The other half of popular database/cache libraries are known to be broken and have been for a long time.
Here's a few examples:
- mongodb decided to let the user deal with it
- mongoose rejected AsyncResource due to experimental status
- pg has no support
- knex query builder has no support
The approach from mongodb I think is a notable one to examine because we passed the cognitive burden of context management to the module developers and then they just passed it further along to the end-user.
Because the majority of Node.js apps use database or cache libraries and
the majority of these libraries break context, this is a very significant
issue. Both async_hooks
and AsyncLocalStorage
will produce incomplete
context coverage in most applications.
The issue comes down to code structure in the InternalCallbackScope
function.
The function does a
MicrotaskScope::PerformCheckpoint(...)
call at a point which is just after the JavaScript execution scope has finished
and the async_hooks "after" event has been fired along with the resource being
removed from the resource stack. A naive approach might be to move this before
those happen or use a DefaultTriggerAsyncIdScope
to encapsulate that block.
However, the problem is that it needs to be in execution scope, not trigger
scope, and each individual microtask should have its own separate execution
scope.
Currently we have a queueMicrotask
function which does effectively the same
thing as what happens with the thenable resolve, but that function
explicitly wraps itself in an AsyncResource
.
This wrap needs to exist for all microtasks, not just the ones we create directly.

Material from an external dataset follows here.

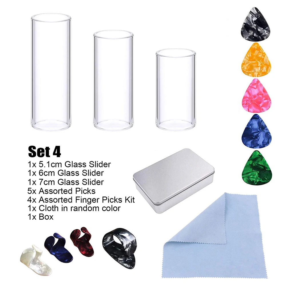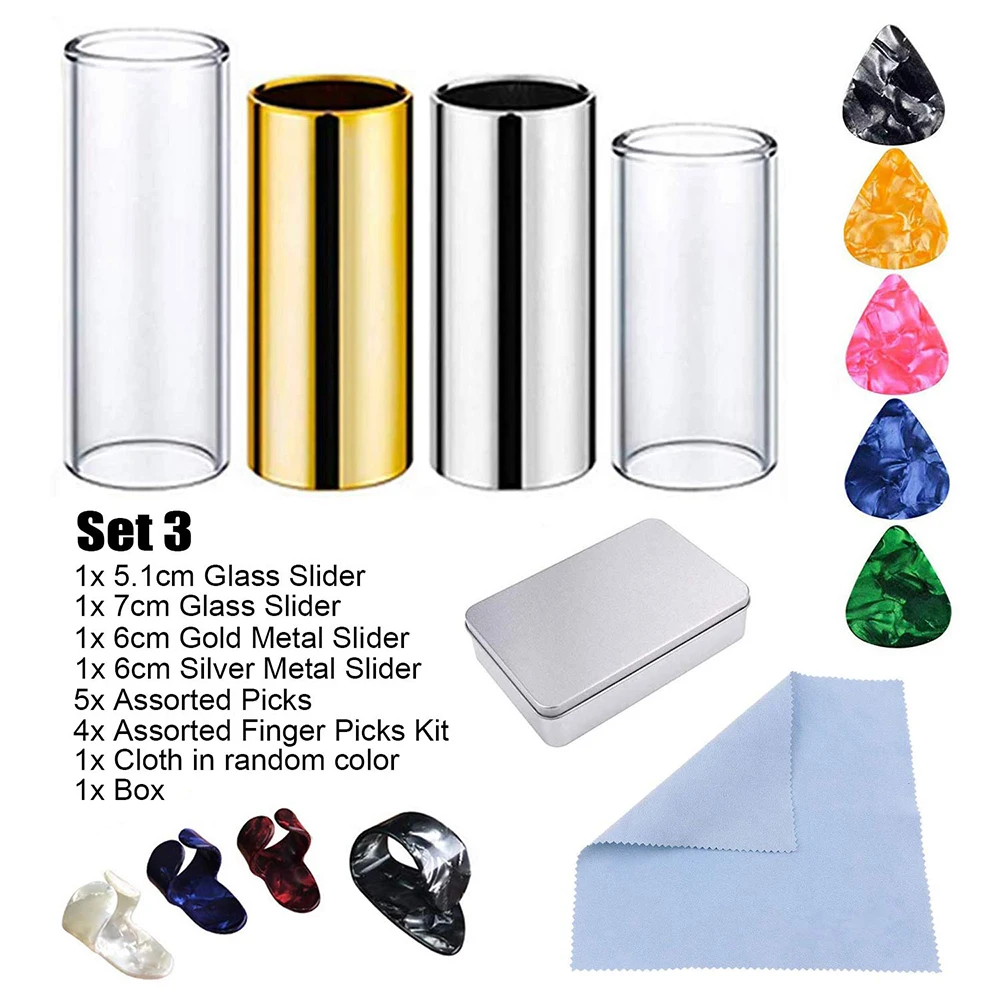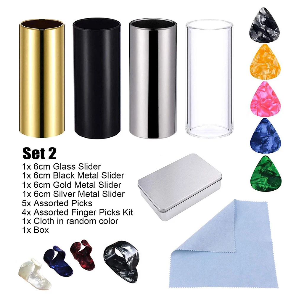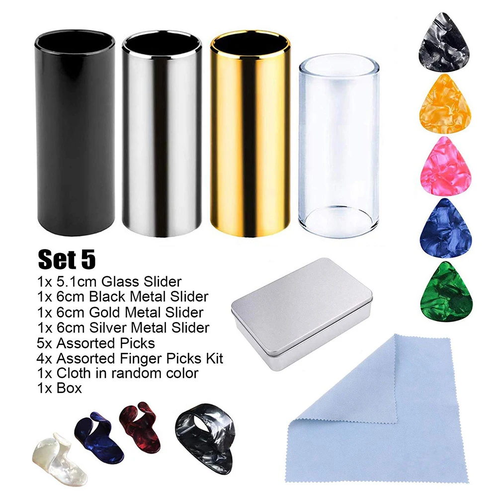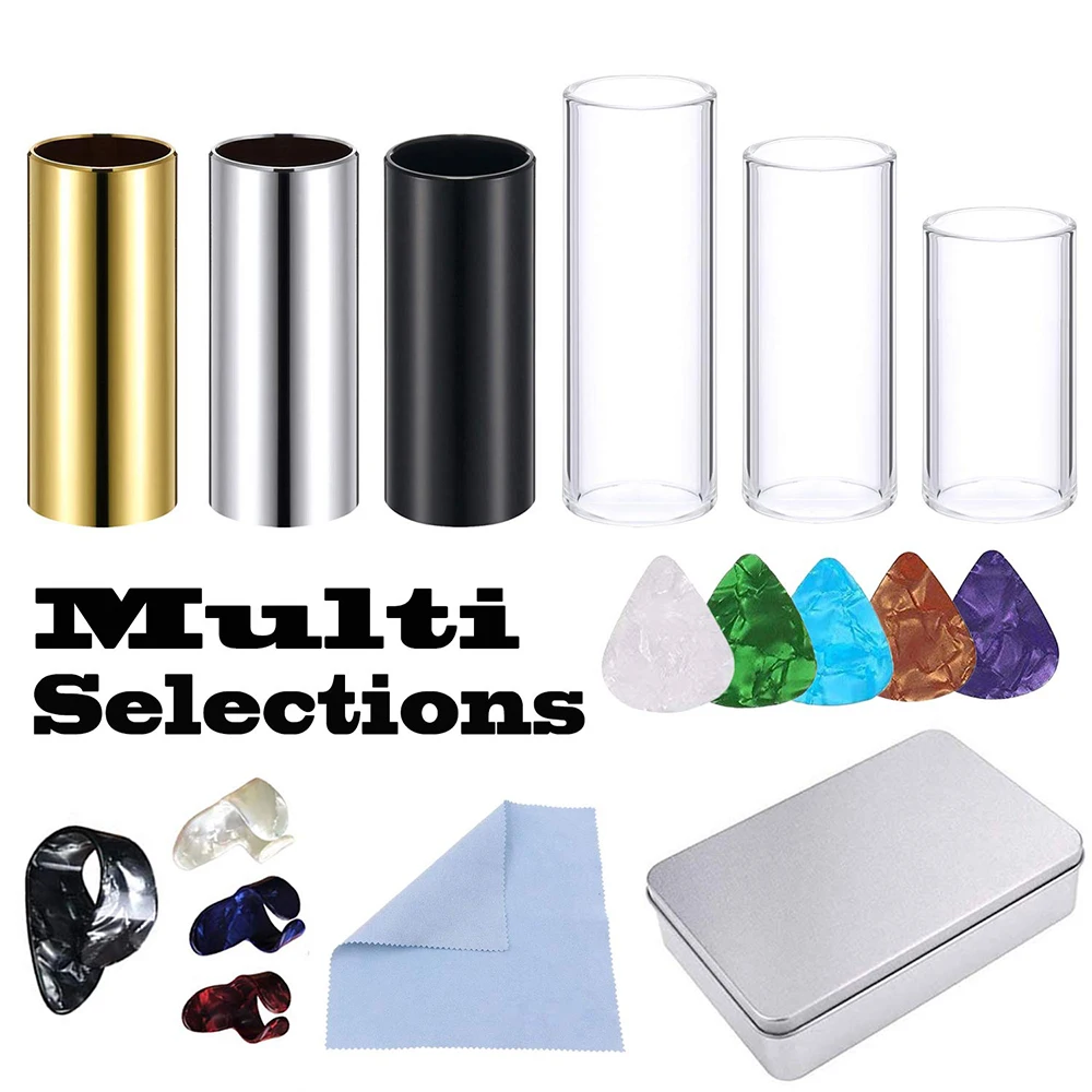The guitar accessories set includes glass metal slider, assorted picks, finger cover, cleaning cloth, etc. It is used for electric guitar to make smoother sound.

Well, I shared a high-level way to fix it for AsyncLocalStorage
. If you're
reading this, you probably already know that was not received well. 😅
To fix it at a lower-level will be quite complicated, but the current theory
I'm exploring is that we could provide our own custom MicrotaskQueue
which
wraps the EnqueueMicrotask(...)
methods.
The custom EnqueueMicrotask(...)
method would bind to the context of the
last init to occur before the method was called and then inject microtasks
around the true microtask to enter the execution context before it runs
and exit the execution context after.
The other possibility I've investigated is if we could get V8 to emit the
PromiseHook
events for thenables, however I haven't been able to figure
out a clear way to achieve that without breaking their existing internal
use of it.
I would very much appreciate feedback on this idea or any guidance you may be able to provide. 🙂
This sounds like something that could be improved in the documentation.
The proposed fix (nodejs/node#33189) won't fix most problems with context loss in client libraries, as it's aimed towards a specific scenario. I find this part a bit misleading as it gives readers an impression that the fix resolves all problems with custom thenables, while it's not.
It would be great to see such low-level fix, as all
async_hooks
based code could benefit from it, not only ALS.